Data section:
======
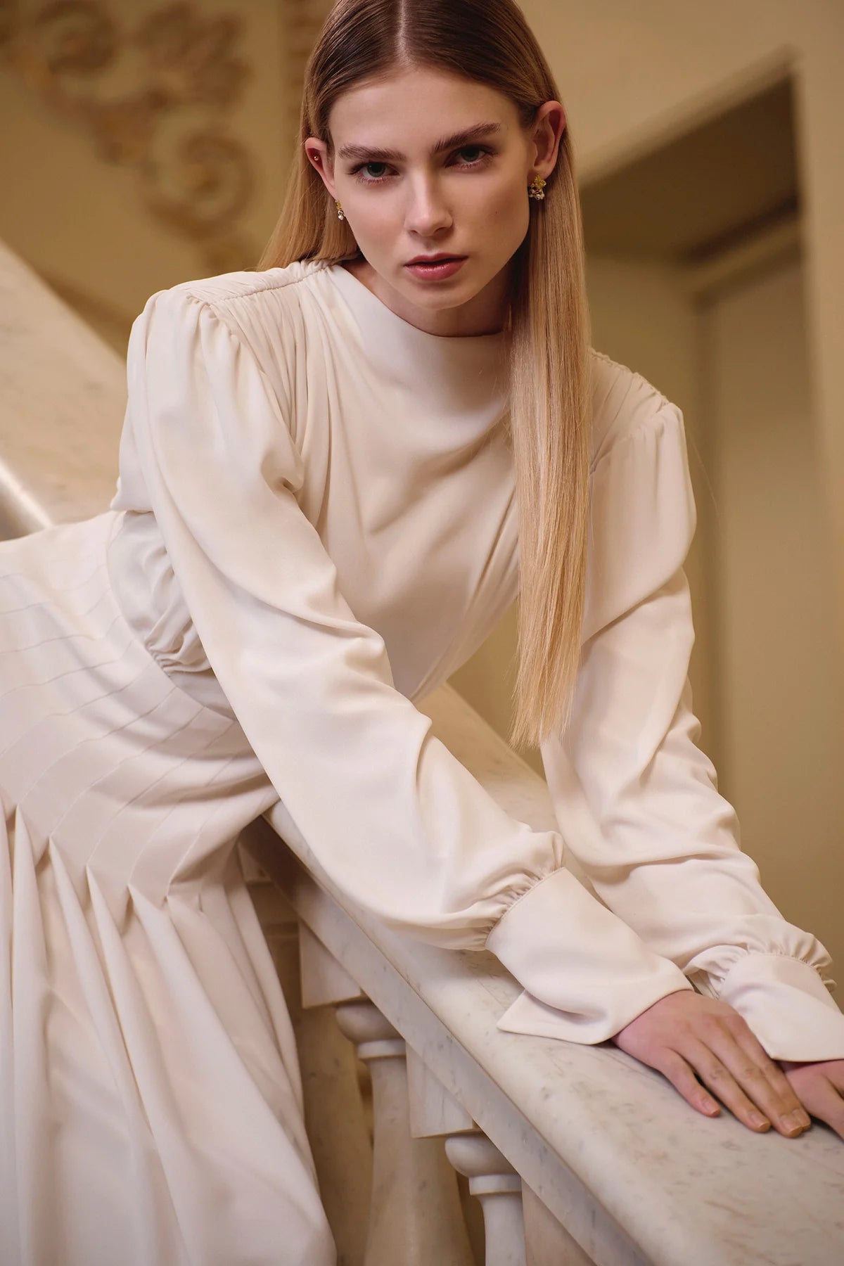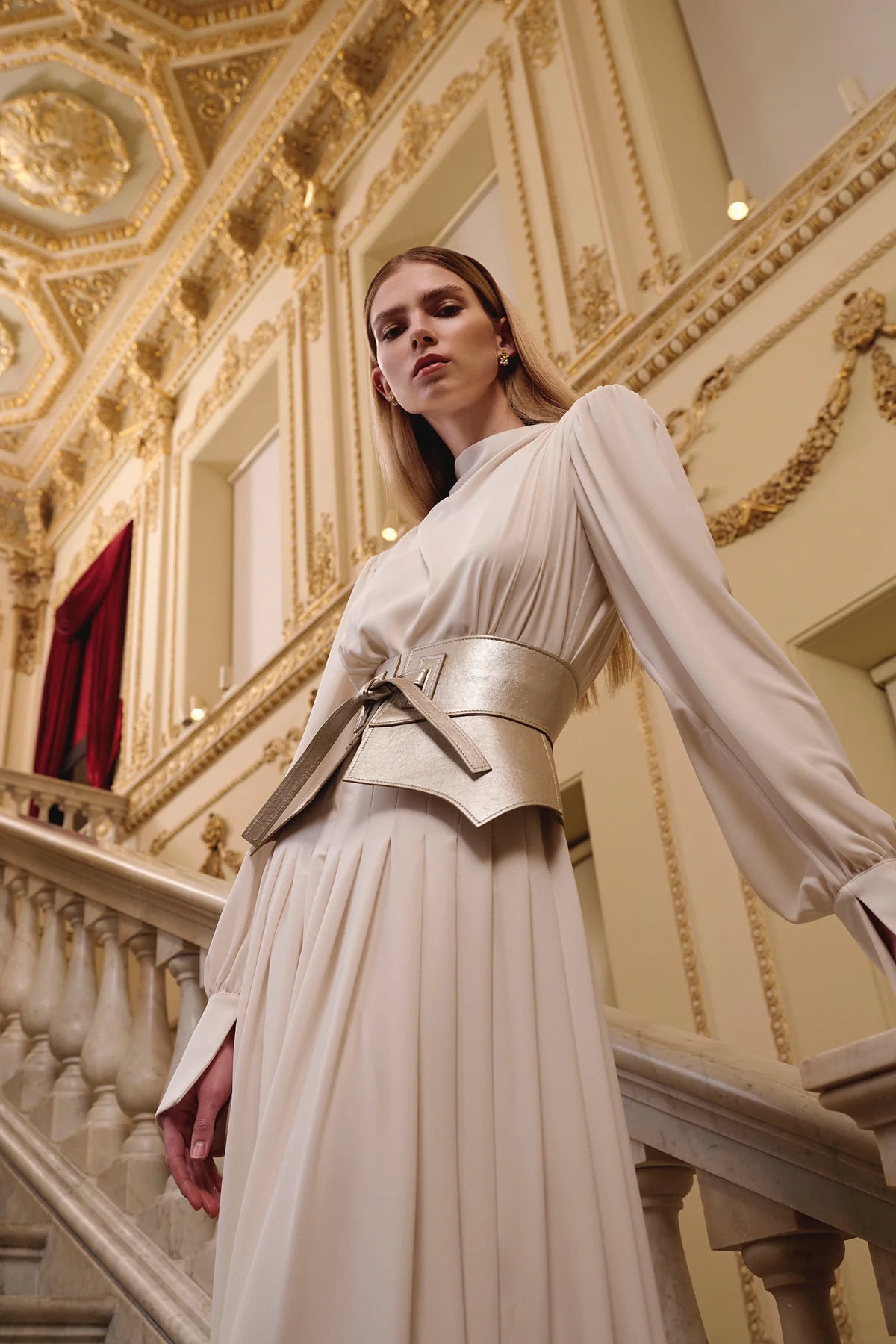 This long-sleeve evening dress features a softly gathered bodice paired with a structured corset-style belt that defines the waist with refined precision. The flowing skirt adds graceful movement, creating a balanced interplay between tailored structure and soft draping — a timeless choice for elevated occasions.
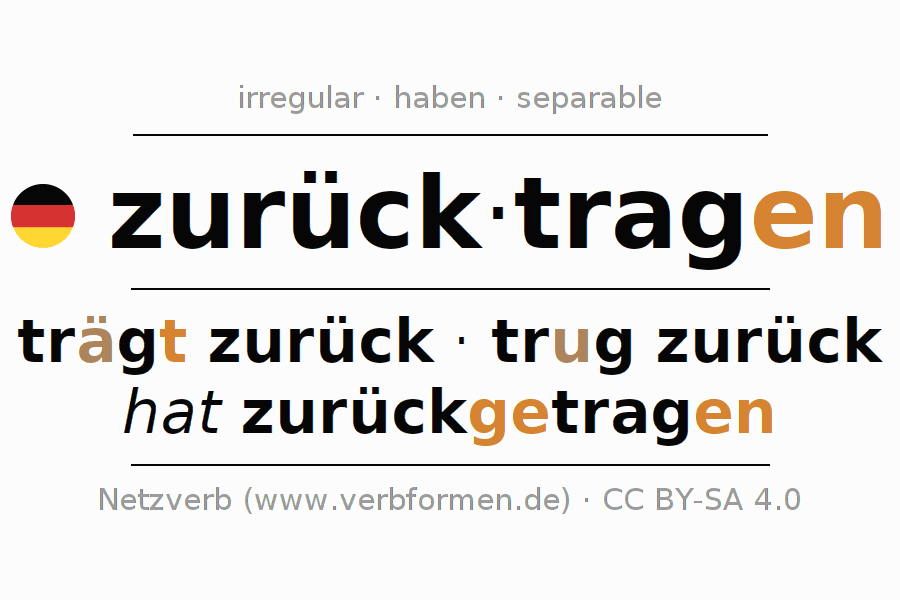 - Present: trag(e) (du) zurück, tragen wir zurück, tragt (ihr) zurück, tragen Sie zurück
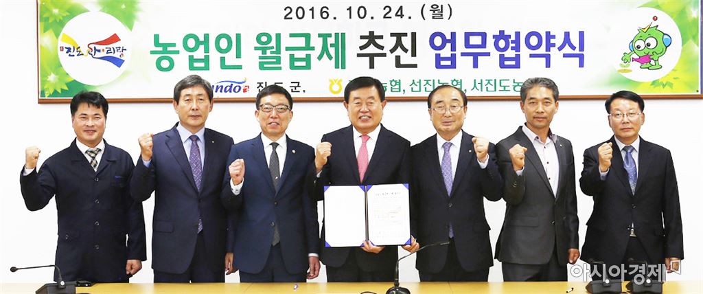 진도군은 24일 군청 상황실에서 이동진 진도군수와 농협 관계자 등이 참석한 가운데 농업인 월급제 추진 업무 협약을 체결했다.
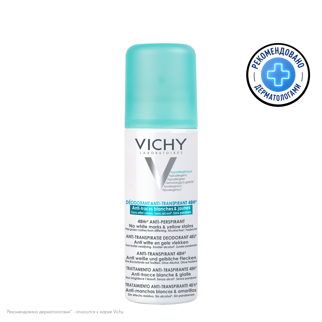 Дезодорант-антиперспирант спрей Vichy против белых и желтых пятен, 48 ч, 125 мл
======
About this task: Word for word, restate only the lines from the one bearing "진도군은 24일 군청" through the final line of the listing, inclusive, with no pictures.

Expected output:
 진도군은 24일 군청 상황실에서 이동진 진도군수와 농협 관계자 등이 참석한 가운데 농업인 월급제 추진 업무 협약을 체결했다.
 Дезодорант-антиперспирант спрей Vichy против белых и желтых пятен, 48 ч, 125 мл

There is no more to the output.